===== INFORMATION SUPPLIED

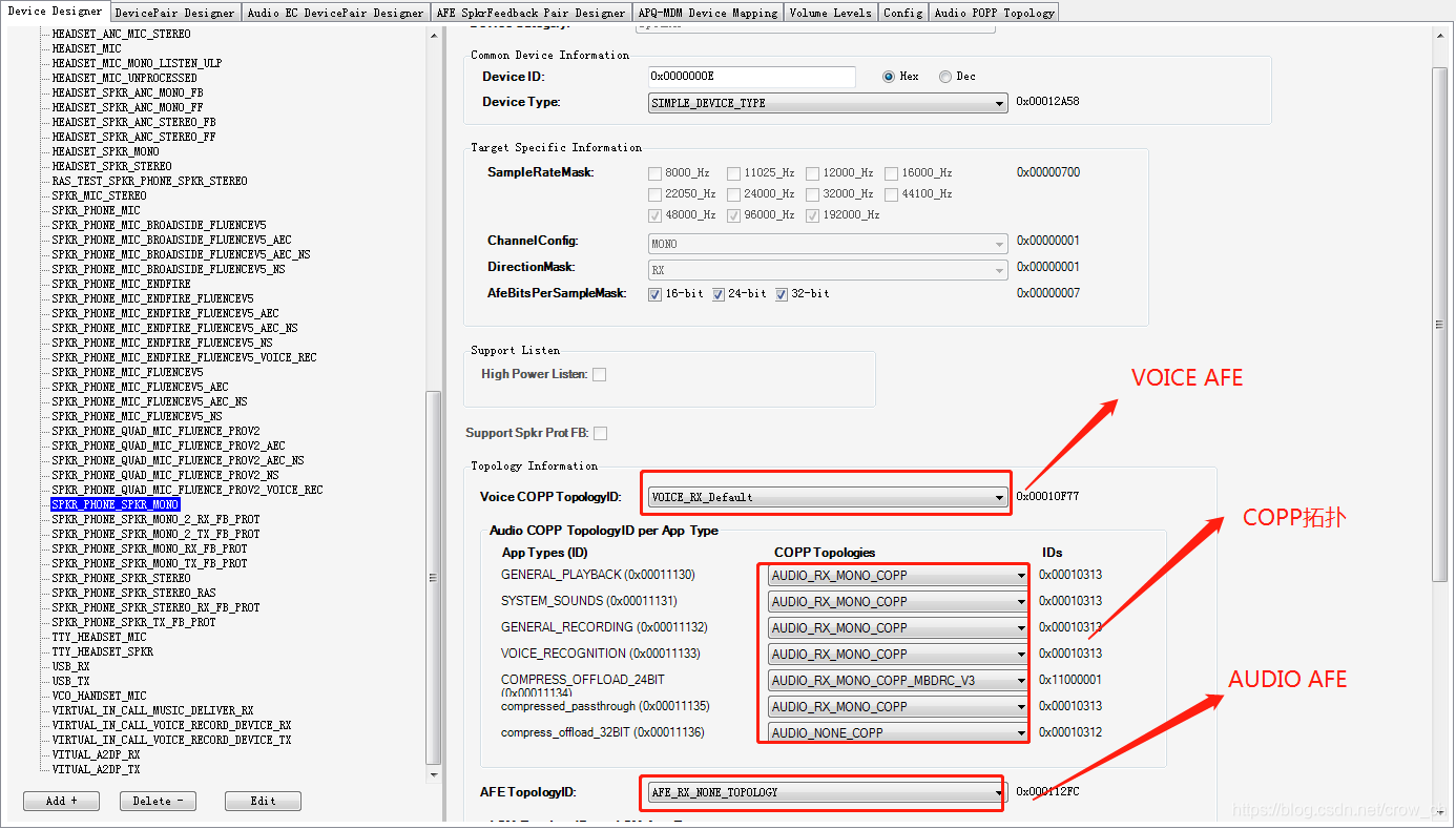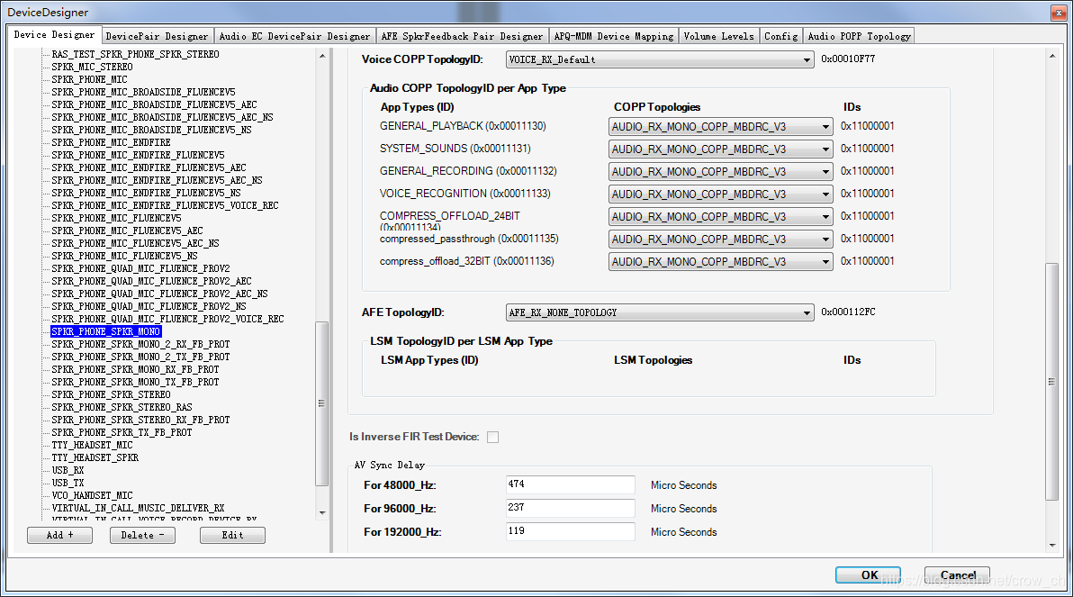 通过左上角菜单栏,选择Tools -----> Device Designer,并找到SPKR_PHONE_SPKR_MONO音效,如下图所示。
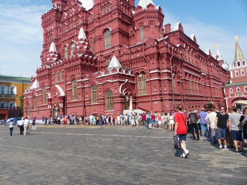 网友2019-04-17列宁墓位于红场西面,外观是阶梯状的3个立方体列宁墓位于红场西面,外观是阶梯状的3个立方体。墓前的碑石刻有“列宁”字样。陵墓一半在地下,一半露出地面,采用钢筋混凝土的框架结构,由黑、红两色大理石和花岗石建成。
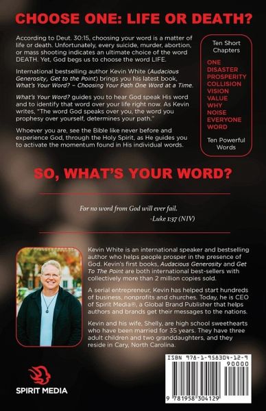 CHOOSE ONE: LIFE OR DEATH? According to Deut. 30:15, choosing your word is a matter of life or death. Unfortunately, every suicide, murder, abortion, or mass shooting indicates an ultimate choice of the word DEATH. Yet, God begs us to choose the word LIFE. International bestselling author Kevin White (Audacious Generosity, Get to the Point) brings you his latest book, What's Your Word? - Choosing Your Path One Word at a Time. What's Your Word? guides you to hear God speak His word and to identify that word over your life right now. As Kevin writes, "The word God speaks over you, the word you prophesy over yourself, determines your path." Whoever you are, see the Bible like never before and experience God, through the Holy Spirit, as He guides you to activate the momentum found in His individual words.

==========

▸ **TASK ITEM**:
Starting with the first line of the data above, write out each line exactly up to and including the line that holds "网友2019-04-17列宁". Pictures stay out.

▸ **RESULT FOR THIS EXERCISE**:
 通过左上角菜单栏,选择Tools -----> Device Designer,并找到SPKR_PHONE_SPKR_MONO音效,如下图所示。
 网友2019-04-17列宁墓位于红场西面,外观是阶梯状的3个立方体列宁墓位于红场西面,外观是阶梯状的3个立方体。墓前的碑石刻有“列宁”字样。陵墓一半在地下,一半露出地面,采用钢筋混凝土的框架结构,由黑、红两色大理石和花岗石建成。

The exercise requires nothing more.